Extracted data entries
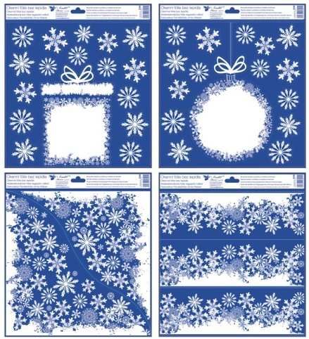 Dekorace okenní fólie s glitry,Vánoční motivy z vloček 30 x 33,5 cm / 238
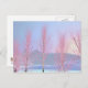 Digital painting of snow-covered birch trees; the snow tinged pink by the setting sun. Here in the north it is common to see snow covered trees tinged either pink or orange by the sun hanging low on the horizon.
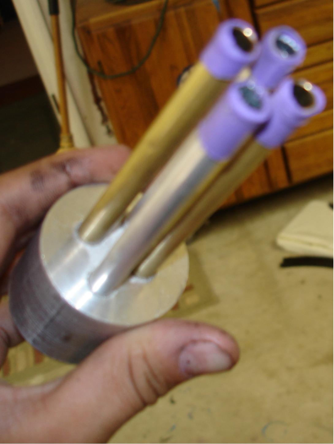 this is my gernade luncher. what you do is fill the small tubs to the top,the capacity on min is 67 bbs in all. you connect it to a valve using a 1" brass coffling from there to a air source it can shoot at 456fps,i have a speed gun i clocked it and did the math from there post for informaton
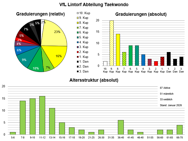 Zur Zeit zählt die Abteilung 87 aktive Mitglieder/innen (siehe Statistik vom Januar 2026).
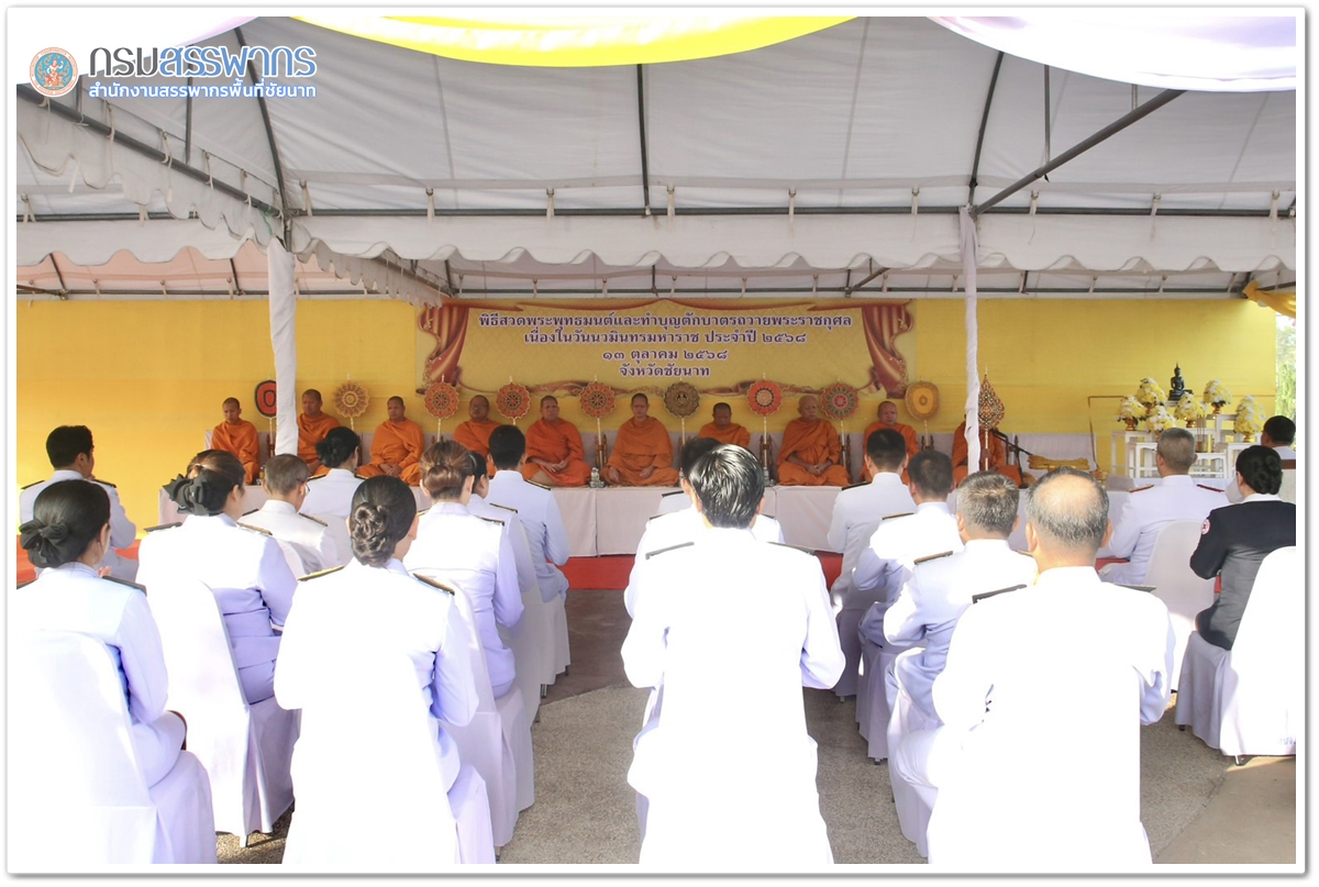 เวลา 07.20 น. ที่ บริเวณเขื่อนเรียงหิน หน้าศาลากลางจังหวัดชัยนาท นายนที มนตริวัต ผู้ว่าราชการจังหวัดชัยนาท เป็นประธานพิธีพิธีสวดพระพุทธมนต์ และทำบุญตักบาตรถวายเป็นพระราชกุศล พระสงฆ์จำนวน 89 รูป เนื่องในวันนวมินทรมหาราช 13 ตุลาคม 2568 โดยมี ข้าราชราชการ และประชาชนชาวชัยนาท พร้อมใจใส่เสื้อสีเหลือง ร่วมพิธีเป็นจำนวนมาก เพื่อถวายเป็นพระราชกุศล และน้อมรำลึกในพระมหากรุณาธิคุณอันหาที่สุดมิได้ของพระองค์ที่ทรงมีต่อปวงชนชาวไทย โดยมีพระราชวชิรกิจจาทร เจ้าคณะจังหวัดชัยนาท เจ้าอาวาสวัดพระบรมธาตุวรวิหาร เป็นประธานฝ่ายสงฆ์
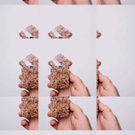 A hand holding a seed snack in a repetitive mirrored pattern symbolizing food design nutrition and creative abstract photography
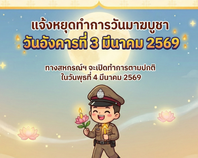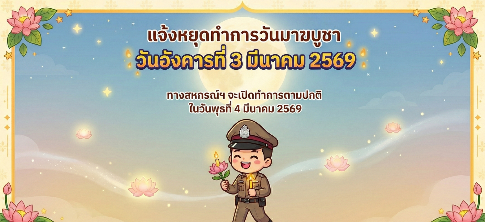 แจ้งหยุดทำการ วันอังคารที่ 3 มีนาคม 2569 เปิดทำการในวันที่ 4 มีนาคม 2569 สหกรณ์ออมทรัพย์ตำรวจภูธรจังหวัดขอนแก่นจำกัด
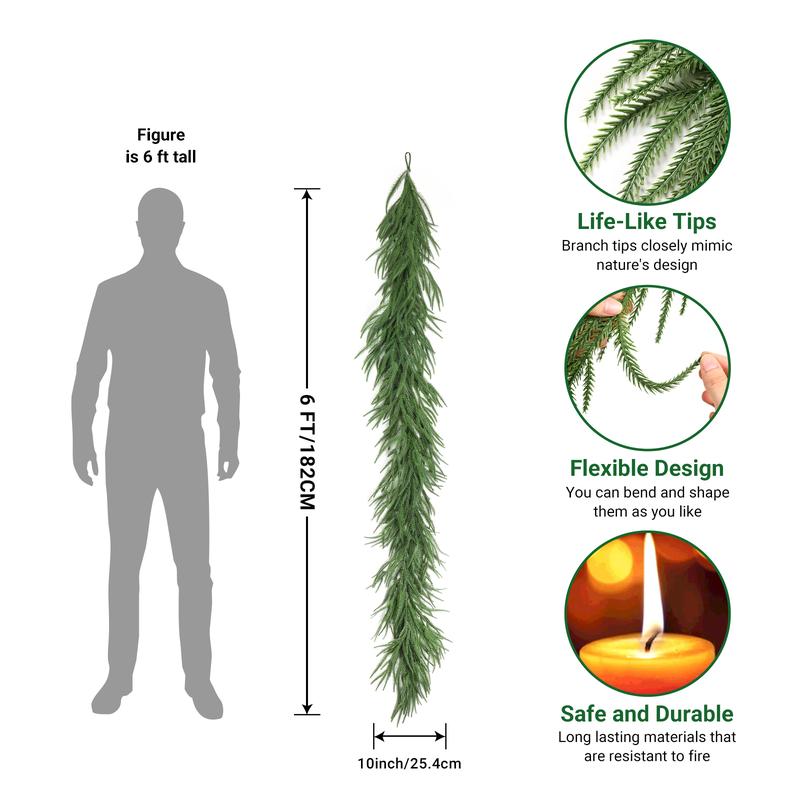 - 🎄【High-Quality Materials】These Christmas pine garlands are made from premium PE materials, resistant to fading and damage, and can withstand most weather conditions, making them suitable for both indoor and outdoor celebrations. You can bend and shape them as desired, ensuring they maintain their lasting charm throughout the Christmas festivities, whether by the fireplace or in a winter wonderland.
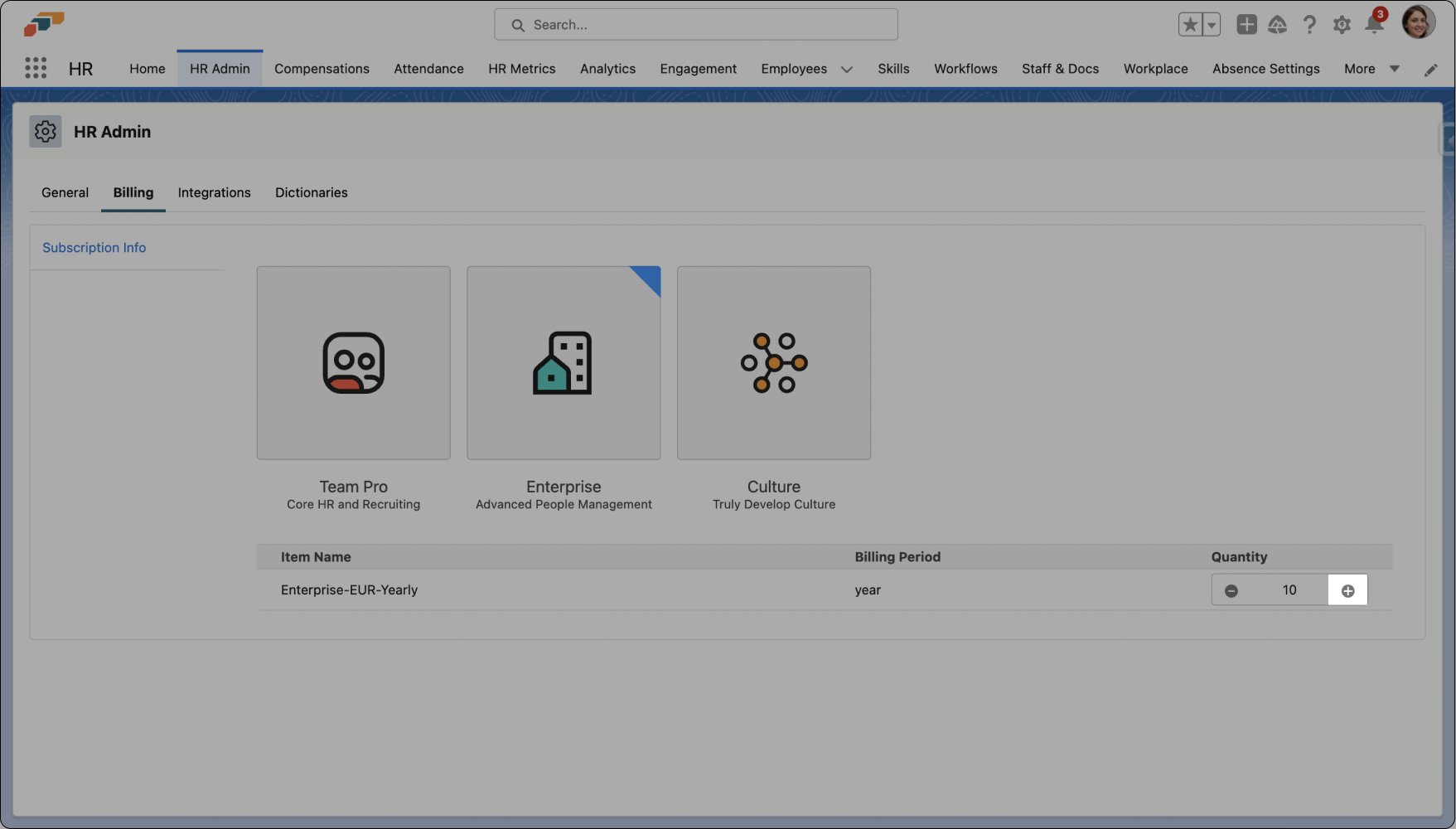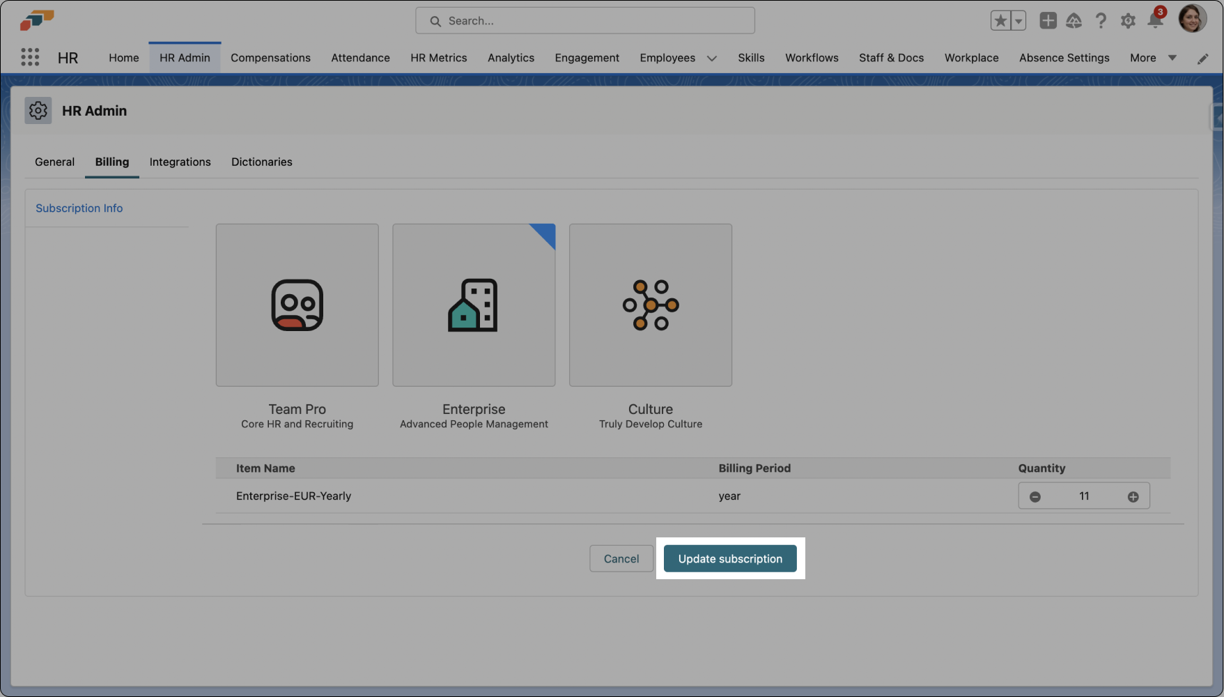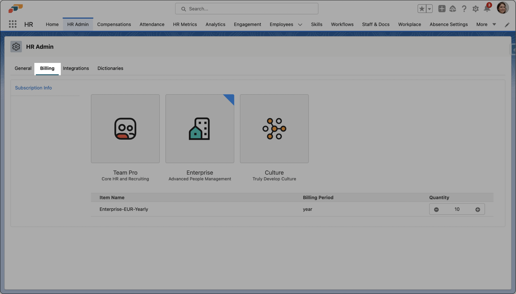 - Click on HR Admin in the Nav Bar and then open the Billing tab

- What needs to be done
Reproduce the data above word for word and omit the images.

- Answer
 Dekorace okenní fólie s glitry,Vánoční motivy z vloček 30 x 33,5 cm / 238
 Digital painting of snow-covered birch trees; the snow tinged pink by the setting sun. Here in the north it is common to see snow covered trees tinged either pink or orange by the sun hanging low on the horizon.
 this is my gernade luncher. what you do is fill the small tubs to the top,the capacity on min is 67 bbs in all. you connect it to a valve using a 1" brass coffling from there to a air source it can shoot at 456fps,i have a speed gun i clocked it and did the math from there post for informaton
 Zur Zeit zählt die Abteilung 87 aktive Mitglieder/innen (siehe Statistik vom Januar 2026).
 เวลา 07.20 น. ที่ บริเวณเขื่อนเรียงหิน หน้าศาลากลางจังหวัดชัยนาท นายนที มนตริวัต ผู้ว่าราชการจังหวัดชัยนาท เป็นประธานพิธีพิธีสวดพระพุทธมนต์ และทำบุญตักบาตรถวายเป็นพระราชกุศล พระสงฆ์จำนวน 89 รูป เนื่องในวันนวมินทรมหาราช 13 ตุลาคม 2568 โดยมี ข้าราชราชการ และประชาชนชาวชัยนาท พร้อมใจใส่เสื้อสีเหลือง ร่วมพิธีเป็นจำนวนมาก เพื่อถวายเป็นพระราชกุศล และน้อมรำลึกในพระมหากรุณาธิคุณอันหาที่สุดมิได้ของพระองค์ที่ทรงมีต่อปวงชนชาวไทย โดยมีพระราชวชิรกิจจาทร เจ้าคณะจังหวัดชัยนาท เจ้าอาวาสวัดพระบรมธาตุวรวิหาร เป็นประธานฝ่ายสงฆ์
 A hand holding a seed snack in a repetitive mirrored pattern symbolizing food design nutrition and creative abstract photography
 แจ้งหยุดทำการ วันอังคารที่ 3 มีนาคม 2569 เปิดทำการในวันที่ 4 มีนาคม 2569 สหกรณ์ออมทรัพย์ตำรวจภูธรจังหวัดขอนแก่นจำกัด
 - 🎄【High-Quality Materials】These Christmas pine garlands are made from premium PE materials, resistant to fading and damage, and can withstand most weather conditions, making them suitable for both indoor and outdoor celebrations. You can bend and shape them as desired, ensuring they maintain their lasting charm throughout the Christmas festivities, whether by the fireplace or in a winter wonderland.
 - Click on HR Admin in the Nav Bar and then open the Billing tab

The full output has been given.